Problem to solve
Write out the listing below in full and exactly, leaving out every picture.

Extracted data
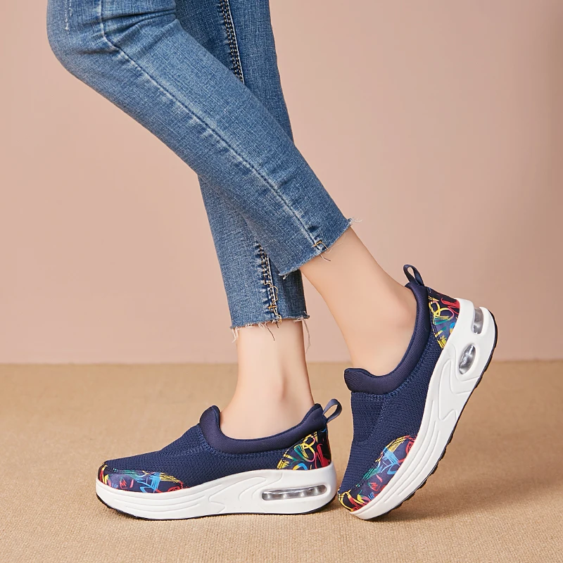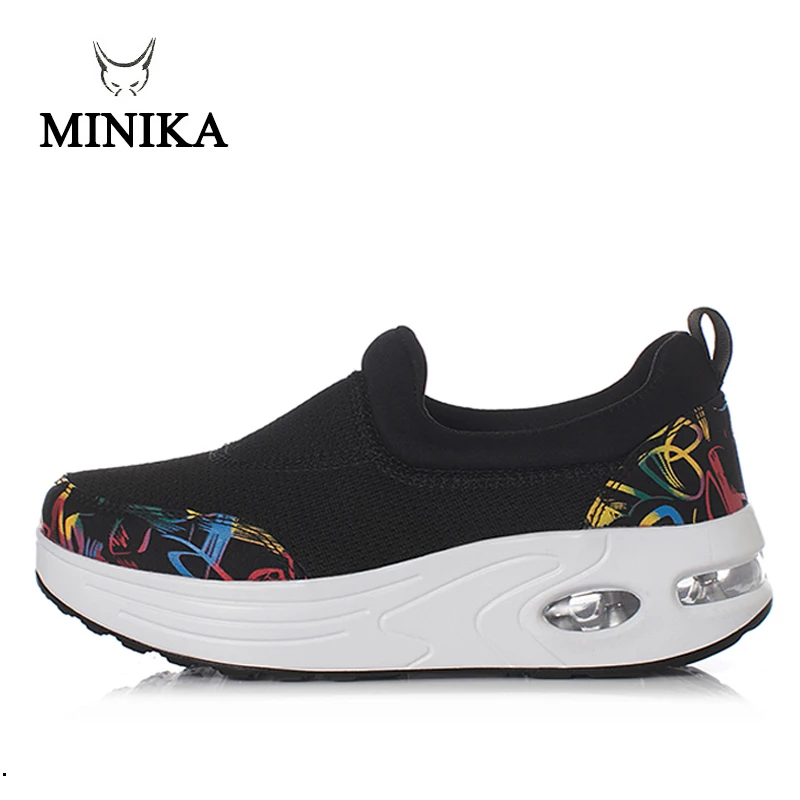 Minika Slimming Shoes Women Summer Breathable Slip On Sport Shoes Female Fitness Swing Platform Wedge Shoes Lady Walking Sneaker
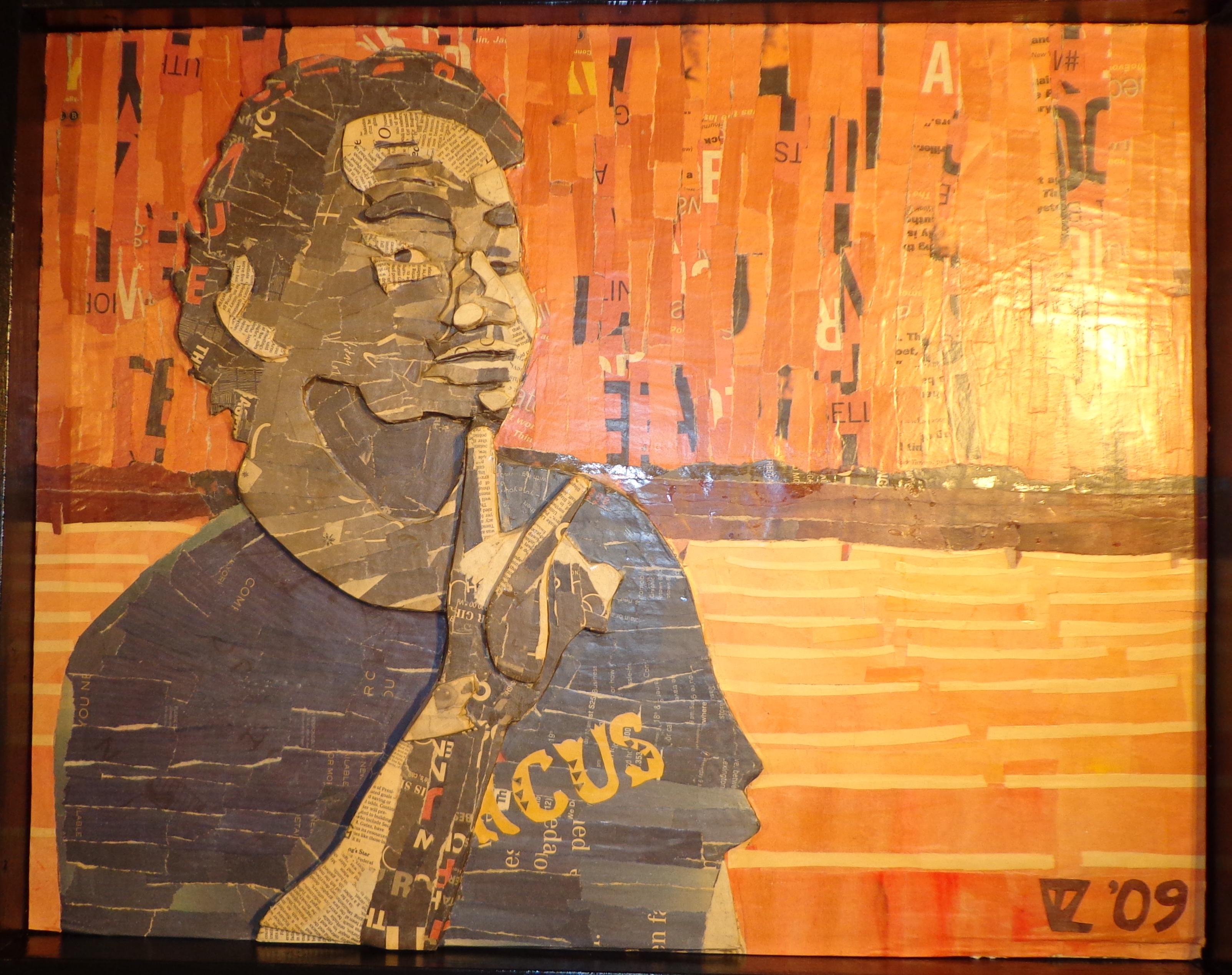 Choose a silhouette sans background for a sculptural portrait that only collage-relief can achieve.
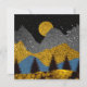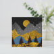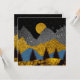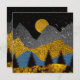 Abstraktens landskapsplanering i fet guld, svart och blå med månghund och fåglar.
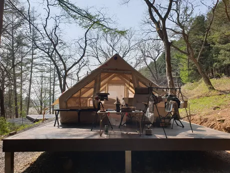 The tent is well-designed, offering a spacious interior without any wind issues. Initially, there is a slight smell from the materials, which I expect will fade after a few days. Although I inflated it slightly less than what the pressure gauge recommended out of caution, it's still very sturdy. I plan to buy a repair kit just in case, despite its high cost, because the convenience it offers is unparalleled.
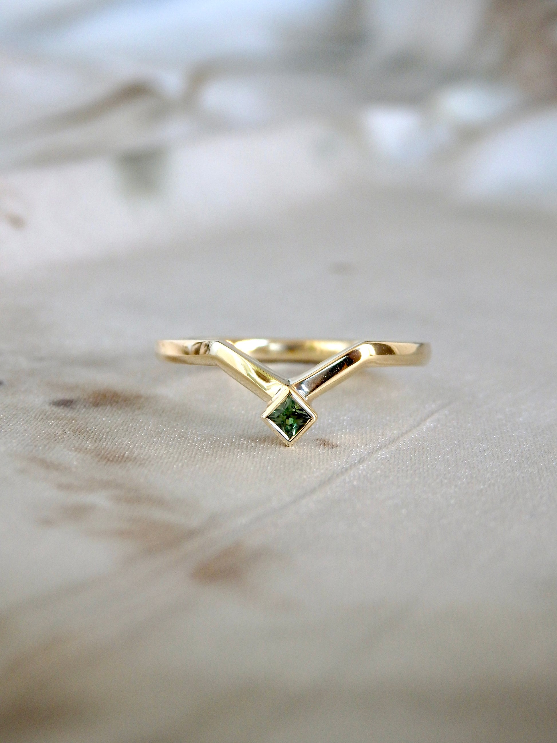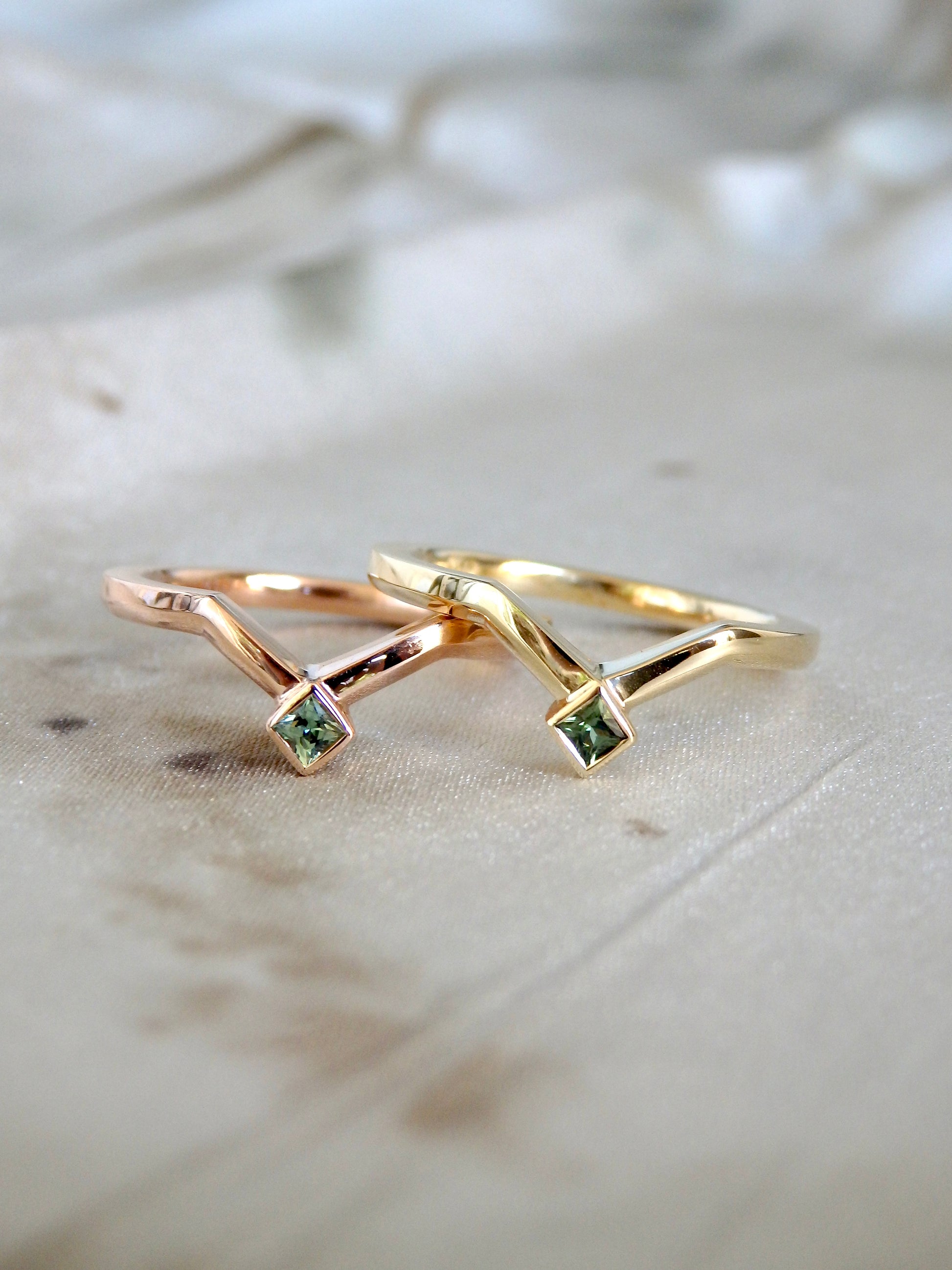 This geometric band features a princess-cut Green Australian Sapphire sitting pride of place, leading a slim vector up the finger. Originally made to perfectly stack with the Hexagonal Engagement ring “Rumi”, this little band is versatile and lends a geometric edge to any stack.

Answer box
 Minika Slimming Shoes Women Summer Breathable Slip On Sport Shoes Female Fitness Swing Platform Wedge Shoes Lady Walking Sneaker
 Choose a silhouette sans background for a sculptural portrait that only collage-relief can achieve.
 Abstraktens landskapsplanering i fet guld, svart och blå med månghund och fåglar.
 The tent is well-designed, offering a spacious interior without any wind issues. Initially, there is a slight smell from the materials, which I expect will fade after a few days. Although I inflated it slightly less than what the pressure gauge recommended out of caution, it's still very sturdy. I plan to buy a repair kit just in case, despite its high cost, because the convenience it offers is unparalleled.
 This geometric band features a princess-cut Green Australian Sapphire sitting pride of place, leading a slim vector up the finger. Originally made to perfectly stack with the Hexagonal Engagement ring “Rumi”, this little band is versatile and lends a geometric edge to any stack.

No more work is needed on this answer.